The driving signal generating part 260 generates driving signals
for driving the light-emitting blocks B1, . . . , Bi by using the
determined target luminance values (step S370). The driving signals
are provided to the light-emitting blocks B1, . . . , Bi,
respectively, so that the light-emitting blocks B1, . . . , Bi may
have an adaptive luminance by considering the location of one of
the pixel data.
FIG. 4 is a schematic diagram illustrating an exemplary embodiment
of the luminance LUT of FIG. 1. FIGS. 5A and 5B are schematic
diagrams illustrating an exemplary embodiment of a self
light-emitting block and a peripheral light-emitting block
corresponding to the luminance LUT of FIG. 4. FIG. 6 is a graph
showing an exemplary histogram generated from the histogram
generating part of FIG. 1.
As discussed above, when a frame image includes 1920.times.1080
pixel data and the light source module 200 includes 8
light-emitting blocks, an image block corresponding to each of the
light-emitting blocks includes 135 (=1080/8) pixel lines.

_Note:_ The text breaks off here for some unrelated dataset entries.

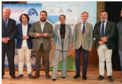
Emprendimiento en el instituto El Majuelo de Gines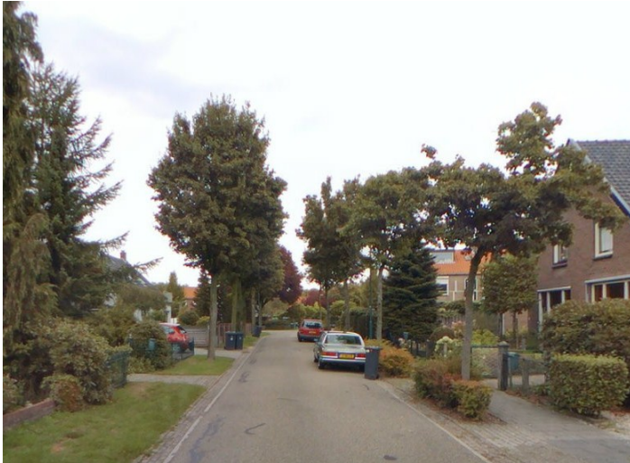
Zicht op de Bentincklaan richting het noorden in 2013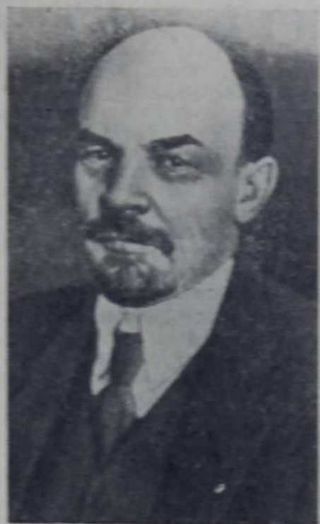
В. И. Ленин (1918 год).

Памятной датой в летописи Балакова и области вошло награждение нашей стройки орденом Ленина. В ответ на столь высокую оценку преобразователя Балакова и Поволжья с удвоен-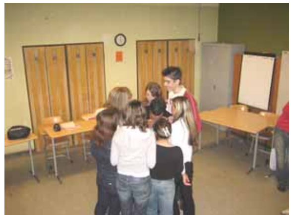
Szenen aus der Übung "Der Bannkreis"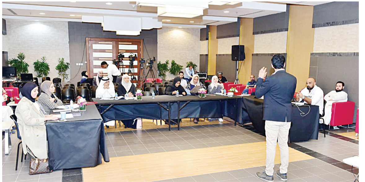
المشاركون في الورشة

ليس بالضرورة أن يكون صوت المعلق رخيماً أجش خشناً فالأهم إتقان مهارات الأداء

In this
example, the luminance LUT 220 has first to 135th addresses as
shown in FIG. 4, and each of the addresses stores first to eighth
luminance values (8.times.10 bits). A fourth luminance value of the
first to eighth luminance values is a luminance value of the self
light-emitting block that provides an image block including one of
the pixel data with the light. The first to third luminance values
and the fifth to eighth luminance values are the luminance values
of the peripheral light-emitting blocks adjacent to the self
light-emitting block.
Referring to FIGS. 1 and 5A, when one of the pixel data is located
in a first pixel line within an image block corresponding to a
first light-emitting block B1, first to eighth luminance values
stored in a "first" address (1st address) are read from the
luminance LUT 220 based on the location "first" of the pixel line.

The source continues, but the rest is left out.